By explicitly accounting for time via discounting and comparing harvest trajectories to an unharvested counterfactual, the study clarifies that new wood harvests impose substantial near- to medium-term carbon costs that are not canceled by background forest growth unrelated to the harvest. This addresses misperceptions from netting approaches in LCA and national inventories that can imply carbon neutrality or climate benefits of harvesting in regions with strong forest regrowth or climate-driven sinks. The magnitude of annualized costs (3.5–4.2 Gt CO₂e yr⁻¹) underscores that wood harvests are a climate factor comparable to agricultural land-use change. Substitution benefits modestly lower production emissions relative to alternative materials but do not negate biogenic emissions, and their magnitude may decline as steel and concrete decarbonize. Scenario analyses show that enhancing plantation productivity, improving harvest efficiency, expanding plantations, or reducing wood fuel demand can influence areas harvested and total costs but cannot eliminate substantial carbon impacts; demand reduction (notably for wood fuel) yields notable savings. Although some economic models might posit alternative land-use counterfactuals (e.g., more cropland without wood harvests), absolute emissions from harvests remain large and policy-relevant; recognizing them can inform integrated strategies that pair harvest reductions with measures to avoid leakage (e.g., preventing cropland expansion). Overall, the findings emphasize the value of prioritizing near-term emission reductions consistent with climate targets and reconsidering assumptions of carbon neutrality in wood use.

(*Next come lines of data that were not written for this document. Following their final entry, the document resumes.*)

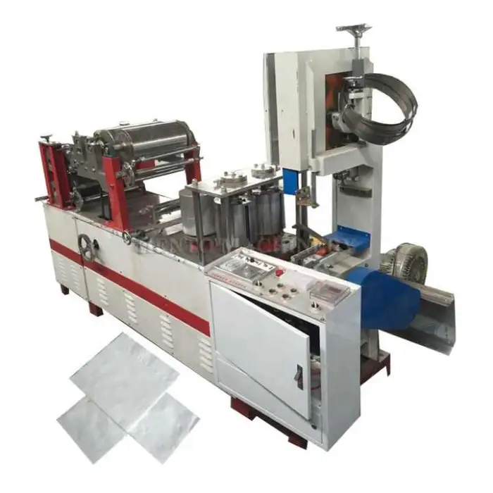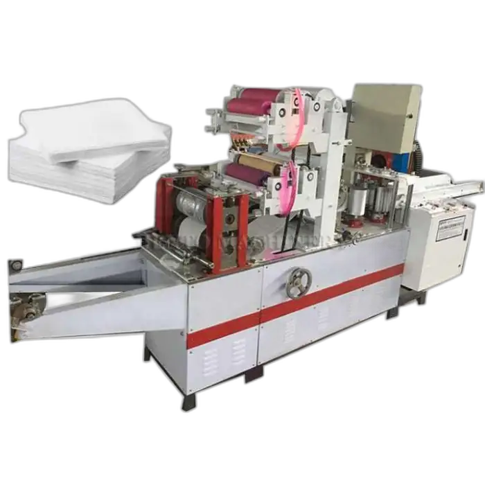 The machine outputs folded napkins ready for manual or automated packaging. Depending on your needs, the supplier can advise on compatible packaging equipment or automation for bundling and boxing; you may also package manually for small runs.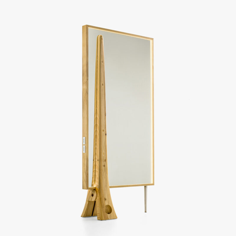 Зеркало Adone — проект дуэта Марконато и Дзаппа для итальянской фабрики Bonaldo. Основным элементом дизайна стала выразительная металлическая рама, которая создает эффект глубины и визуально отделяет отражающую поверхность от стены. Тщательная обработка металла обеспечивает идеально гладкую фактуру и четкие линии профиля. Модель выпускают в двух диаметрах — 90 и 190 см, что позволяет использовать ее как одиночный акцент или в составе композиции. Для рамы предусмотрены различные варианты финишной отделки: от сдержанного матового черного и хрома до теплых оттенков меди и золота. Лаконичная круглой форма и вариативность материалов делают Adone универсальным решением для прихожих, спален и гостиных зон.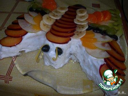 Вот и все. Бабочка застыла, мы украшаем ее фруктами и покрываем слоем желе.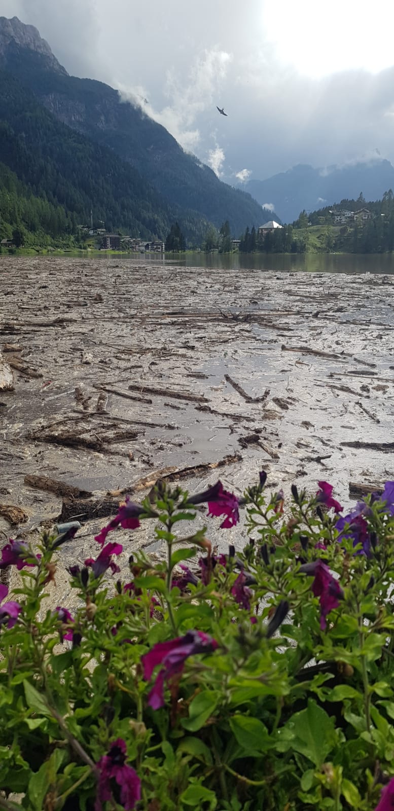 ALLEGHE Lago Alleghe: livello in crescita, al momento appena 60 cm sotto il livello della strada. Stanno salendo le squadre di Protezione Civile dell’Ana Belluno con i sacchi per ogni evenienza.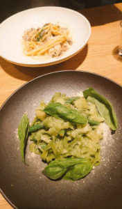 私が食べたのは写真の奥のパスタなのですが、きのこがたっぷりのクリームパスタで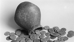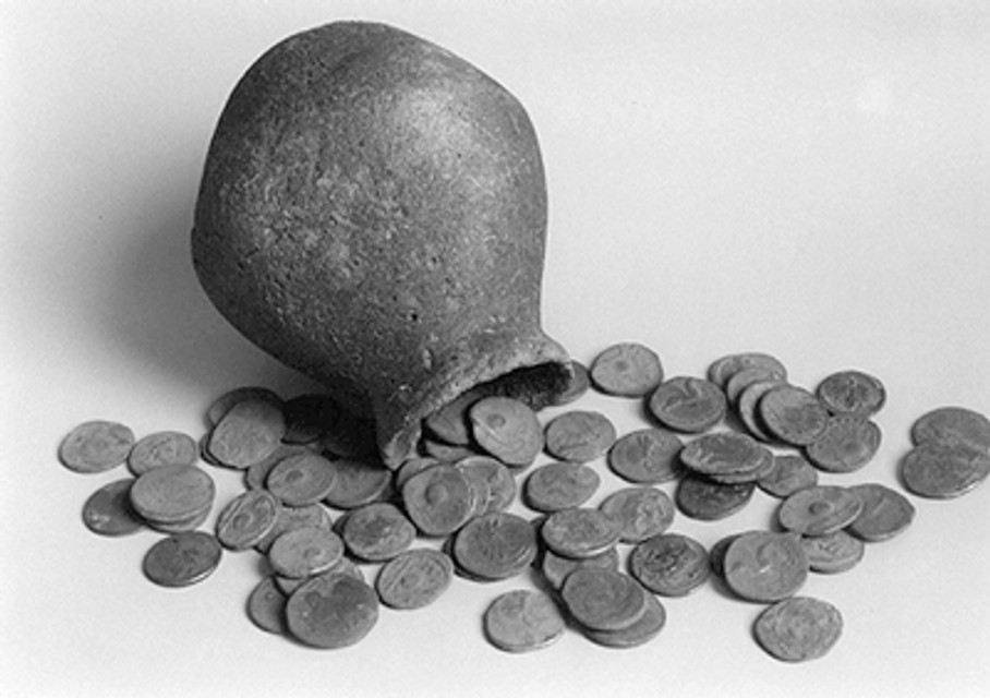 V tesnej blízkosti základov rímskej stavby na nádvorí stredného hradu sa našiel unikátny hromadný nález mincí keltského kmeňa Eraviskov.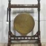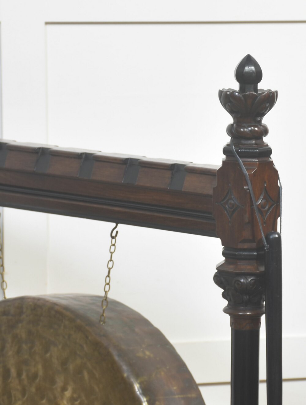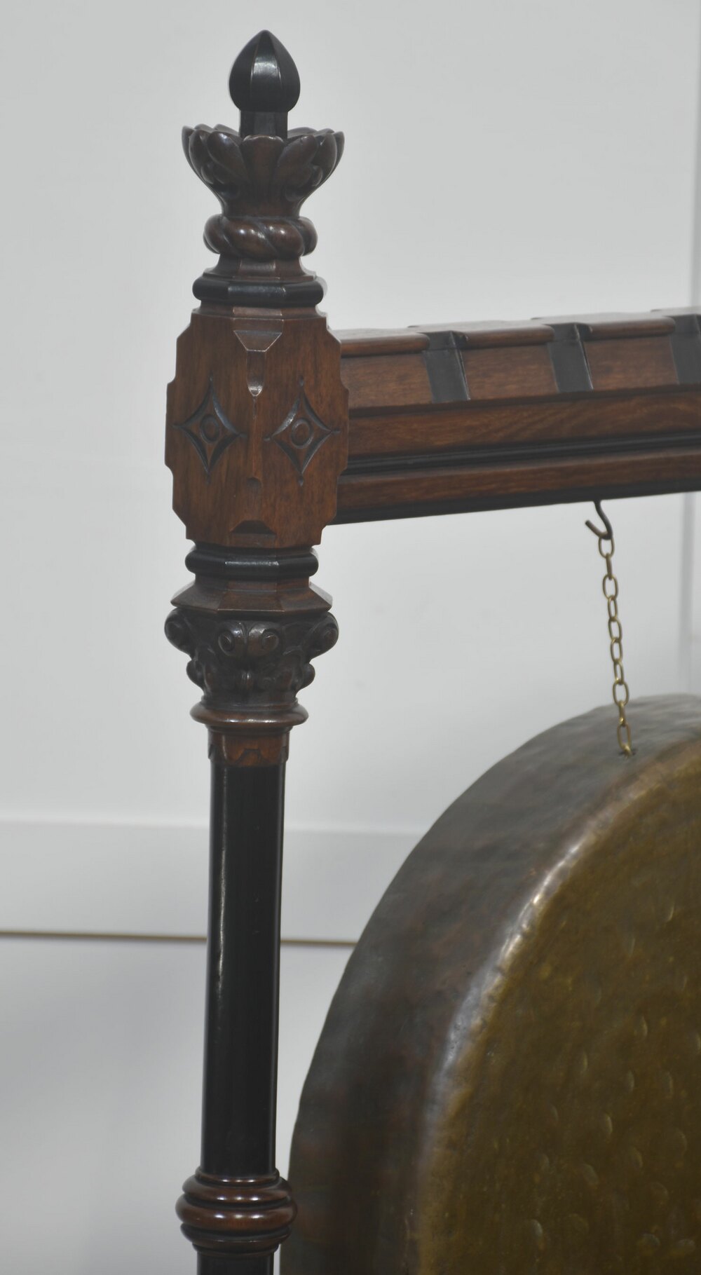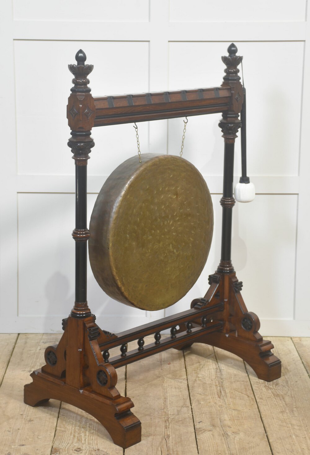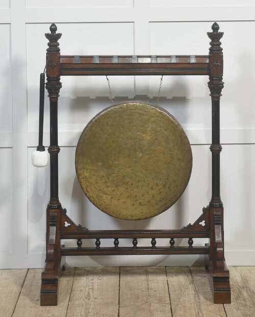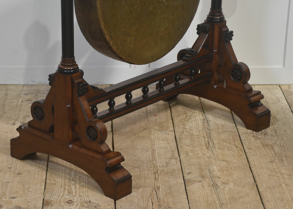 A striking late 19th-century Gothic Revival freestanding gong, mounted in an elaborately carved walnut frame of architectural character. The substantial circular bronze gong, hand-hammered throughout and retaining a deep, variegated patina, is suspended by chains from a horizontal beam secured with exposed metal strapping. The walnut frame is finely detailed with turned uprights, carved finials, pointed geometric motifs, and a stretcher base incorporating baluster spindles, all resting on shaped feet. Accompanied by a padded striker, suspended to one side.Both sculptural and functional, this commanding Gothic Revival object would have served as a ceremonial, institutional, or domestic signalling instrument. Its scale, craftsmanship, and pronounced verticality give it a strong architectural presence, making it an exceptional statement piece.

The paper introduces CHARM, a time-discounted, pool-based global carbon accounting framework for wood harvests, and shows that global harvests from 2010–2050 likely entail annualized carbon costs of 3.5–4.2 Gt CO₂e yr⁻¹, on par with emissions from agricultural land-use change. It challenges accounting practices that offset new harvest emissions with background regrowth and demonstrates that even with regrowth, harvests impose significant near-term climate costs. The results suggest a meaningful, underrecognized mitigation opportunity: reducing wood harvests—especially traditional wood fuel use—improving harvest efficiency, and enhancing plantation productivity can lower carbon costs and harvested areas, helping ‘buy time’ for broader decarbonization. Future research should refine input data and econometric relationships, incorporate soil carbon dynamics and indirect effects (e.g., infrastructure), better quantify biophysical non-GHG effects (e.g., cloud and albedo impacts), improve representation of selective logging areas, and explore integrated economic counterfactuals and policy mechanisms to avoid leakage while reducing harvests and shifting material demand toward lower-emission alternatives.

• Soil carbon impacts of harvests are omitted due to uncertain loss and recovery rates, likely making estimates conservative; meta-analyses indicate average soil carbon losses (~11% in upper layers) and potentially larger belowground losses, with substantial losses reported in logged tropical forests.
• Indirect effects of forestry (e.g., road building) are not included; tropical estimates suggest these can be several times direct effects.
• Biophysical, non-GHG effects (albedo, cloud formation) are not modeled; current uncertainties preclude reliable inclusion.
• Consumption projection model fits are reasonable but imperfect; wood fuel projections are particularly uncertain due to heterogeneous energy transitions across income levels.
• Material flow and area estimates rely on FAO data and assumptions (e.g., clear-cut equivalents), with limited data on selective harvest areas and intensities.
• Substitution benefits are uncertain and context-dependent; future decarbonization of steel and concrete could reduce or eliminate such benefits.
• Discounting choices and payback horizons influence results, though sensitivity shows modest effects except under extreme assumptions (0% over 100 years).